Una mia amica che viveva in campagna aveva molti gatti e davanti a casa sua spesso venivano abbandonati dei cuccioli. Lei non poteva tenerli tutti e a me non sembrava vero poter dare finalmente una casa a una creaturina sola, così la vidi. Lei. Il mio angelo. Era una gattuccia modesta, bianca e tigrata, il “modello classico” che in genere nessuno adotta perché gli umani sono stupidi anche nella scelta degli animali, vogliono la razza, il pelo lungo, gli occhi blu e una marea di altre sciocchezze, e una comune micetta come lei non veniva mai notata, ma per me non è stato così. Appena l’ho vista l’ho riconosciuta.

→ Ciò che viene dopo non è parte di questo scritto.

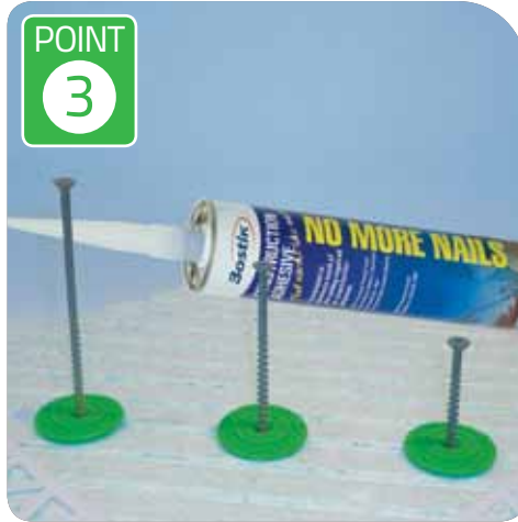
Mechanical Screw Fix + Glue

Era lo stesso micino di campagna che era stato il mio solo amico negli anni dell’infanzia, che cambiava spesso perché allora non si chiamava il veterinario per i gatti, che moriva schiacciato sotto le macchine o per malattie che nessuno curava, che sfornava covate di piccoli destinati a un tuffo nel canale. Dopo la fine dell’infanzia e dell’adolescenza avevo lasciato la famiglia e non avendo una casa stabile non mi ero più permessa di ospitare un angelo custode, ma l’angelo era lì, mi aveva aspettato.

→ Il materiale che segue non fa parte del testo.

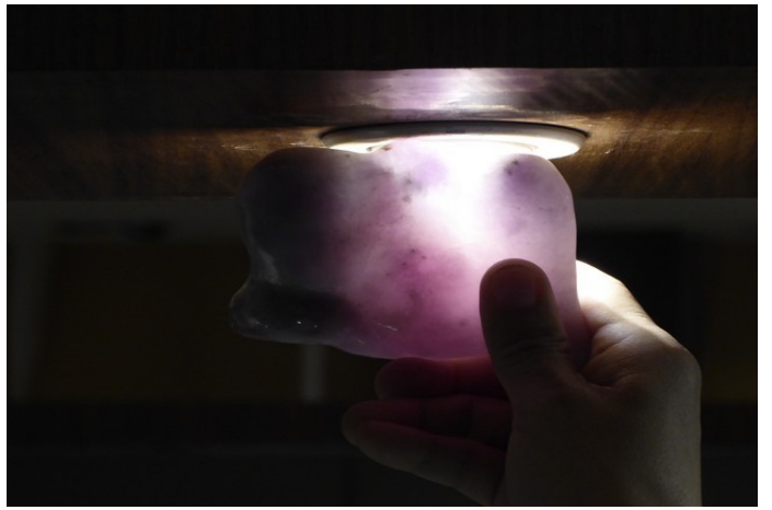
Viewed in light to check the quality.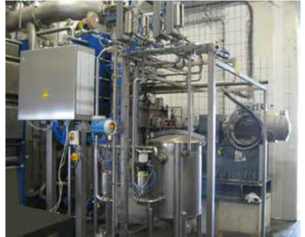
SIGMASTAR 90V MVR – Evaporating capacity: 2.000 kg/h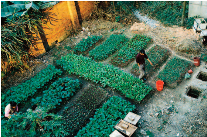
Plots of land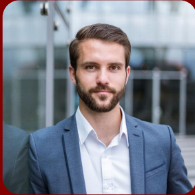
Full Name Title

Pesava circa un chilo e aveva pochi mesi, sembrava un ragnetto, tutta zampe e orecchie, e mi guardava con immensi occhioni verdi che mi hanno fatto subito sentire in colpa. Sembrava dirmi che l’avevo trascurata e lasciata sola per troppo tempo, ma era disposta a perdonarmi se mi fossi comportata bene. Maestà, ai suoi ordini… Non sapevo ancora di dover colmare la mia immensa ignoranza sull’arte di custodire e riverire il Felino nel mondo moderno. I gatti della mia infanzia erano cresciuti, come me, negli anni Sessanta, quando non esistevano i negozi per animali, i croccantini, le scatolette, i trasportini e tutto il meraviglioso mondo di coccole e vizi che ora ci sembrano doverosi per onorare con un minimo di decoro i nostri angeli con coda e baffi, e io dovevo imparare tutto. Partimmo subito male, la portammo a casa mia con due macchine ma senza trasportino: la povera creatura si fece cinque chilometri nel traffico della città, sballottata nell’auto tra le braccia della figlia della mia amica, le mie gambe, il volante, la leva del cambio e il parabrezza. Arrivate a casa, avevamo tutte il mal di mare.

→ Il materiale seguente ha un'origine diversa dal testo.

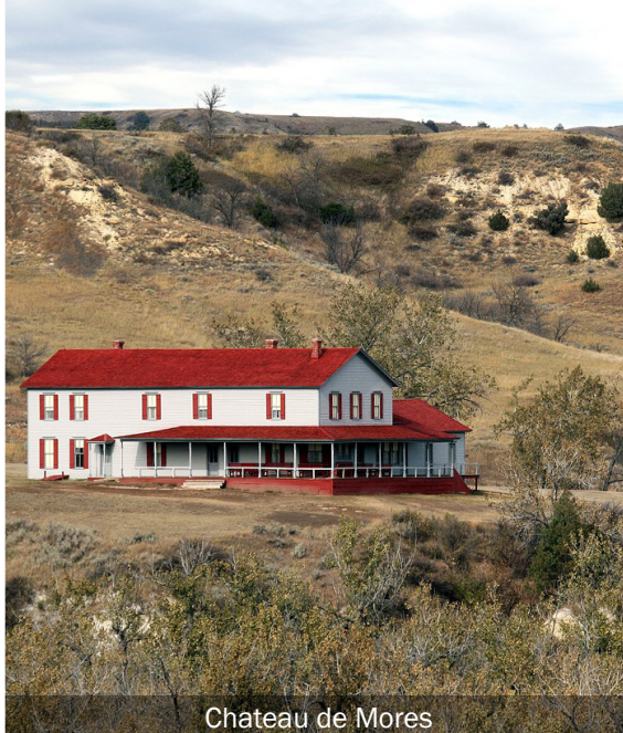
Chateau de Mores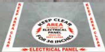
Electrical Panel Kit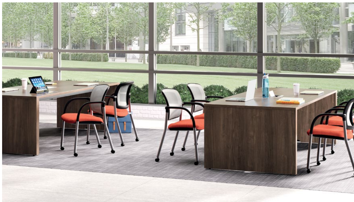
Inspired by HON color palette Wheat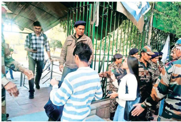
Security personnel keep watch as students enter Jamia Millia Islamia on Wednesday. //1

The university administration, citing disruption to academic activities and damage to university property, said in a statement Thursday morning, "This handful of students have, in the last two days, vandalised university property, including the central canteen, and also broke the gate of the security advisor's office, forcing the JMI administration to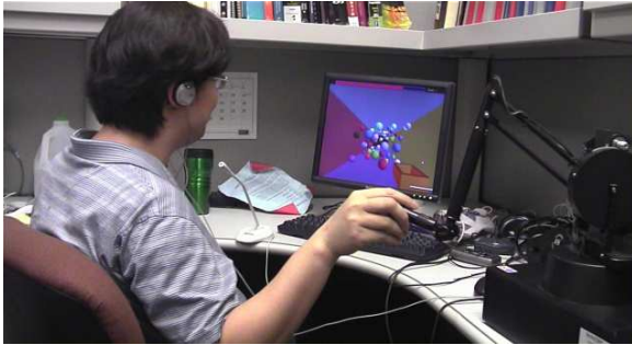
Figure 2. The remote patient is using the PHANTOM to grasp and maneuver a small cube through a three dimensional maze of spheres ('Ball Array' exercise).

Mio marito si presentò cercando di fare il duro. Avevamo preparato l’angolo-gatto in cucina, con le ciotole per l’acqua e il cibo, e lui ci piazzò una cesta, pronunciando la famosa frase “Il gatto dorme qui”. Il mio angelo non ha riso a crepapelle solo perché era una signora. Non contento, il nostro uomo pronunciò una seconda, memorabile frase, “Il gatto è in prova”. Il periodo di prova andò meravigliosamente: dopo due giorni esatti fu chiaro che la gattina dormiva dove cavolo voleva, possibilmente nel lettone, in mezzo alle nostre gambe, e il “gatto in prova” si girava il suo umano sulla punta dell’artiglio mentre lui le cantava “Besame micho”. L’addestramento in realtà è stato piuttosto semplice, i gatti ci mettono esattamente 48 ore ad addestrare i loro umani.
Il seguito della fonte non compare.